EA: Patricia, es un gran placer tenerte como invitada en Párrafo Magazine y poder entrevistarte en esta nueva etapa de tu vida: ¡La de bloguera en la revista Love España! ¿Por qué un blog y qué es lo que te motiva a compartir tus experiencias?
PYR: ¡El placer es mío! ¿Por qué un blog? Porque este medio me permite expresarme, pensar en alto y hacerles llegar mis reflexiones, tips, etc… De una forma más sencilla.
EA: ¿Cuál
es la importancia de esa relación tan marcada en tus artículos entre fotografía, escritura y
experiencia?
PYR: La fotografía es arte. Ya sea una persona, objeto o lugar. En este rincón, como he dicho, me expreso. Relaciono mis emociones de alguna manera con las fotografías. Intento hacer llegar un mensaje, siempre.
EA: La
palabra escrita: la Literatura en mayúscula, el periódico, los blogs, son
claves para la expresión humana en todos sus niveles. ¿Cuál es la obra
literaria que te ha marcado más? ¿Cómo? ¿Quién es tu escritor o
escritora española favorita?
PYR: La casa de Bernarda Alba de Federico García Lorca puede ser una de las obras que más me haya marcado. Trata el tema de la represión de la mujer. Se destaca también el fanatismo religioso y el miedo a descubrir la intimidad…. Don Quijote de la Mancha, de Miguel de Cervantes… ¡Madre mía! ¡Es que por obras literarias que no sea!
Mi escritor favorito es Antonio Machado. Aunque nunca suelo decir que siento favoritismo, ya que cada uno moviliza de alguna manera. Antonio Machado se luce siempre. Mira:
“Ya hay un español que quiere
vivir y a vivir empieza,
entre una España que muere
y otra España que bosteza.
Españolito que vienes
al mundo te guarde Dios.
una de las dos Españas
ha de helarte el corazón."
Escribió.
EA: ¿Cómo se rompe el estereotipo de Miss y se triunfa en la vida a través de otros caminos? ¿Qué es el triunfo para ti?
PYR: Siendo una misma. De naturaleza me viene el ser luchadora y querer elegir caminos que abran paso al éxito y que no me desvíen de mis principios morales y de lo que elegí ser.
Para mí el triunfo es eso, llegar. Llegar sin perderte. Porque de nada vale llegar y haberte perdido, ¿sabes? Eso no es éxito.
EA: ¿Qué
consejo le darías a todas aquellas niñas españolas que te admiran y que quieren
lograr sus sueños?
PYR: Que no pierdan esos valores de los que hablo. La esencia de cada persona.
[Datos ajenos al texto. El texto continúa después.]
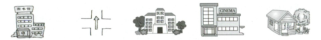 Hello! I'm John. Today I want to visit my grandma. She's ill. First(首先), I go to the library. Go straight at the crossing and turn right at the cinema, then I can see a hospital. It's next to my grandma's house.

Los principios. Que sepan elegir bien, porque una mala decisión destruye todos los pilares que se hayan armado. Y reconstruirlos se puede, claro. Pero no hay nada como sentir orgullo de ser uno mismo y conseguir lo que se proponga sin necesidad de dar un paso en falso.
EA: ¿Cómo
vive su homosexualidad Patricia Yurena Rodríguez?
PYR: A veces, sorprendida. He vivido casos de homofobia. Lamentablemente, aún es un tema tabú.
EA: ¿Cómo
podemos luchar contra la misógina y la homofobia tanto en España
como en el resto del mundo?
PYR: Siendo un poquito más humanos.
Sólo un poquito. Que no cuesta tanto. De verdad. Hay personas que las defino,
con todo el respeto, como: "gente”.

EA: Si tuvieras la oportunidad de dirigir una organización de belleza, ¿en qué propósito de beneficencia o problema social te enfocarías?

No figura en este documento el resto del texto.